This section provides instructions for running the simulation within a Docker container. Before proceeding, ensure that your system meets the system requirements. If you are using a different operating system, you may need to adjust the following steps accordingly or refer to the official documentation for each step.

1. Install Docker Engine

First, install Docker Engine by following the official installation instructions. You can use the following commands to install Docker on your system:

curl -fsSL https://get.docker.com | sh
sudo systemctl enable --now docker

sudo groupadd docker
sudo usermod -aG docker $USER
newgrp docker

2. Install NVIDIA Container Toolkit

Next, install the NVIDIA Container Toolkit, which is required to enable GPU support for Docker containers. Follow the official installation guide or use the following commands:

curl -fsSL https://nvidia.github.io/libnvidia-container/gpgkey | sudo gpg --dearmor -o /usr/share/keyrings/nvidia-container-toolkit-keyring.gpg && curl -s -L https://nvidia.github.io/libnvidia-container/stable/deb/nvidia-container-toolkit.list | sed 's#deb https://#deb [signed-by=/usr/share/keyrings/nvidia-container-toolkit-keyring.gpg] https://#g' | sudo tee /etc/apt/sources.list.d/nvidia-container-toolkit.list
sudo apt-get update
sudo apt-get install -y nvidia-container-toolkit
sudo nvidia-ctk runtime configure --runtime=docker
sudo systemctl restart docker

3. Gain Access to the Isaac Sim Docker Image

To run the simulation, you need access to the Isaac Sim Docker image, which requires registration and an API key from NVIDIA GPU Cloud (NGC).

3.1 Register and Log In to NVIDIA GPU Cloud (NGC)

Visit the NGC portal and register or log in to your account.

3.2 Generate Your NGC API Key

Follow the official guide to generate your personal NGC API key.

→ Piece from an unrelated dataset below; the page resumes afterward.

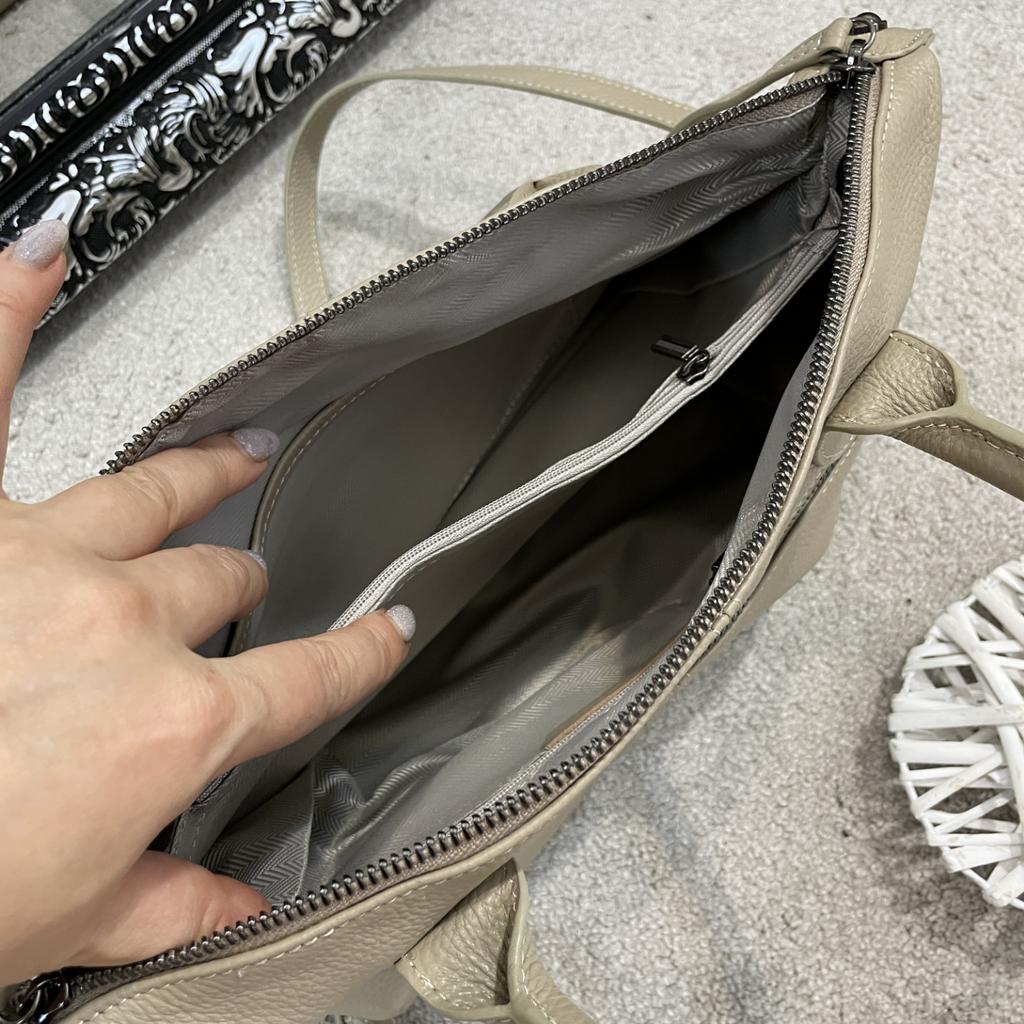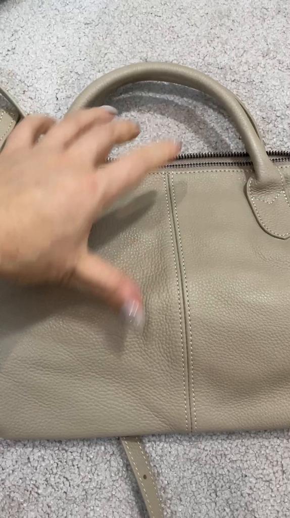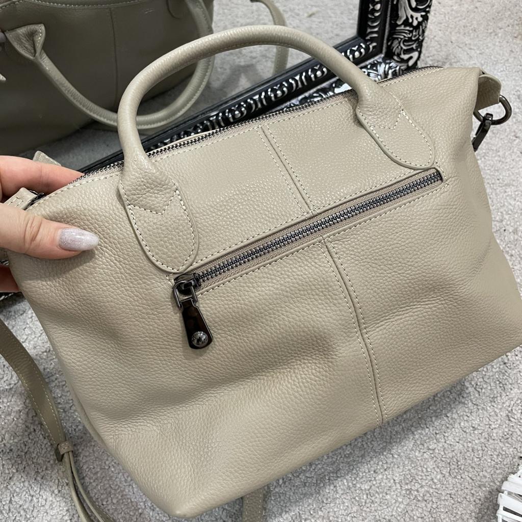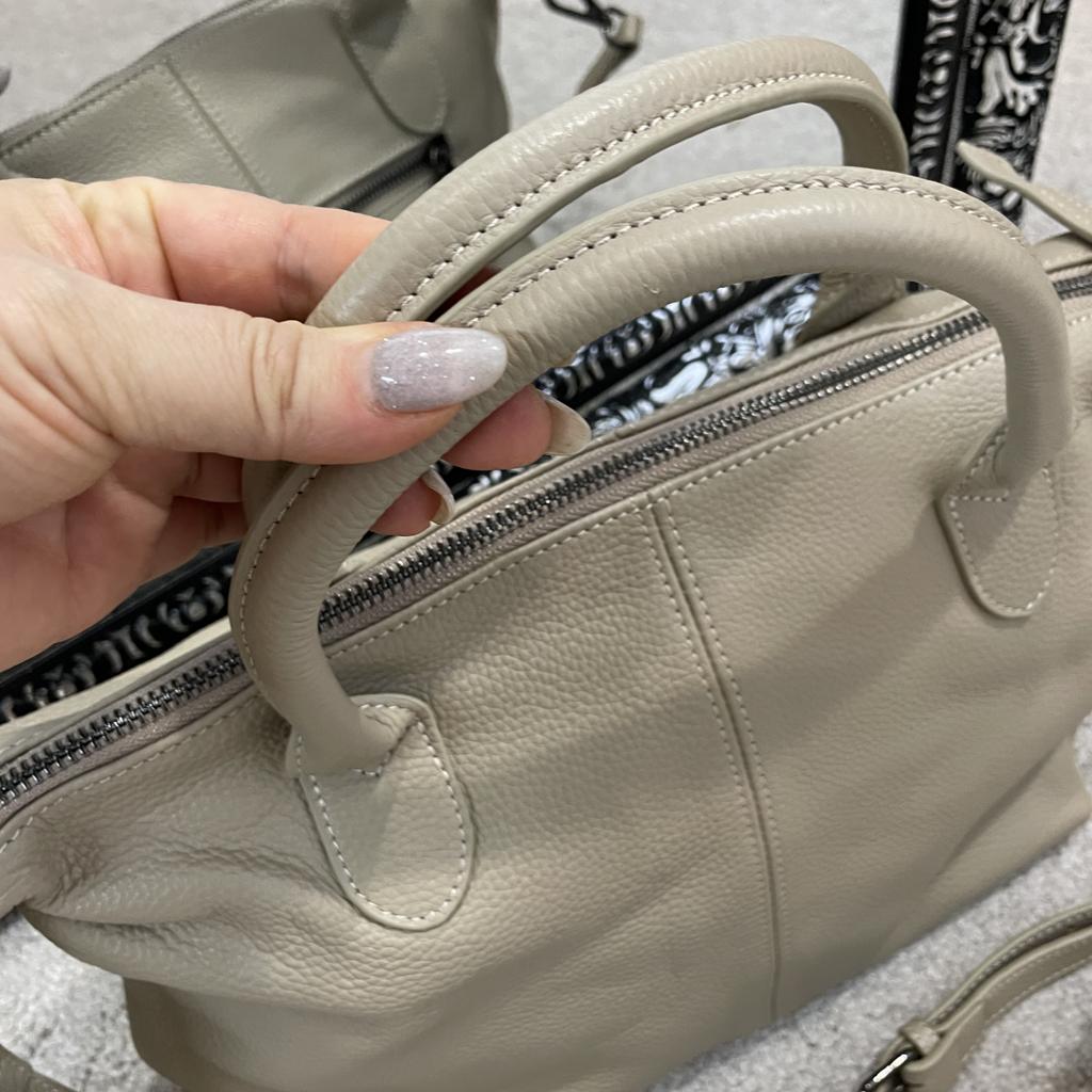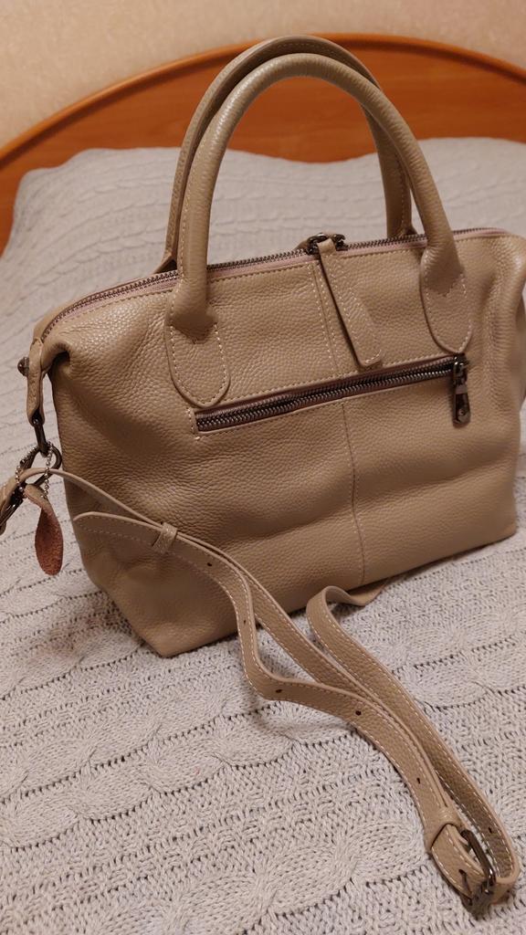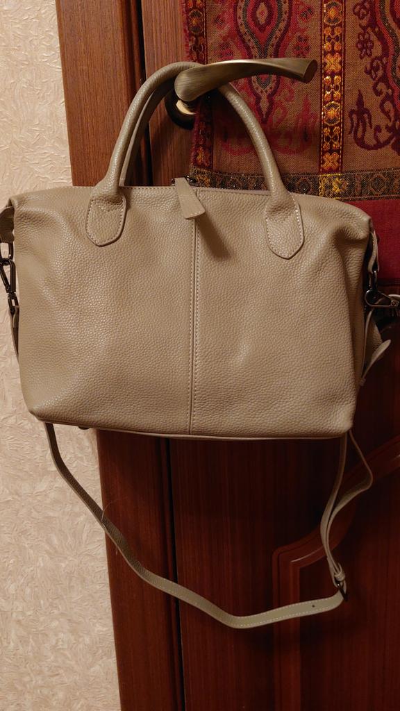 Наконец-то получил долгожданную сумочку. Ждала, когда она будет по адекватной цене. Сумочка очень понравилась и качество пошива, и цвет. Цвет бежево-серый. Пошив аккуратный. Что касается материала, думаю это прессованная "кожа". На сумке прицеплен кусочек натуральной кожи, но это не факт, что сумка из такова же материала. Мягкая, но форму держит. Спасибо Joom. Сумочка вместительная. Ручки и молнии надежные. Спасибо Joom!

3.3 Log In to NGC via Docker

Once you have your API key, log in to NGC through Docker:

docker login nvcr.io

When prompted for a username, enter $oauthtoken (exactly as shown):

Username: $oauthtoken

When prompted for a password, use the API key you just generated:

Password: <NGC API Key>

4. Build the Docker Image

Now, you can build the Docker image for spaceros_procgen_envs by running the provided build.sh script. Note that the build process may take up to 15 minutes, depending on your network speed.

spaceros_procgen_envs/build.sh

5. Verify the Image Build

To ensure that the image was built successfully, run the following command. You should see the openrobotics/spaceros_procgen_envs image listed among recently created Docker images.

docker images openrobotics/spaceros_procgen_envs

Basic Usage (Docker)

After successfully building the Docker image, you are ready to run the environments provided by this demo. The sections below will guide you through this process using a simple teleoperation demo.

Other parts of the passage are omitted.